### WHAT IS EXPECTED
Leave out the pictures and output the data verbatim.

*** Opening SUPPLIED INFORMATION ***

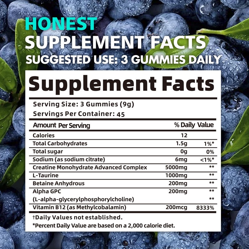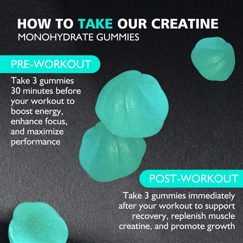 5g Creatine Monohydrate per Serving: Each serving of 3 gummies delivers 5g of pure creatine monohydrate, supporting enhanced muscle strength and performance.
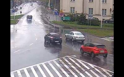 Kierowca passata nie ogarnął pasów na rondzie bankowym
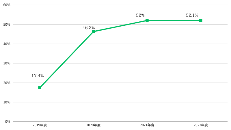 総務省の調査によると、動画配信サービスを使う人は2019年度の17.4%から2022年度は52.1%まで増えています。

*** Closing SUPPLIED INFORMATION ***

### RESPONSE TO THIS EXERCISE
 5g Creatine Monohydrate per Serving: Each serving of 3 gummies delivers 5g of pure creatine monohydrate, supporting enhanced muscle strength and performance.
 Kierowca passata nie ogarnął pasów na rondzie bankowym
 総務省の調査によると、動画配信サービスを使う人は2019年度の17.4%から2022年度は52.1%まで増えています。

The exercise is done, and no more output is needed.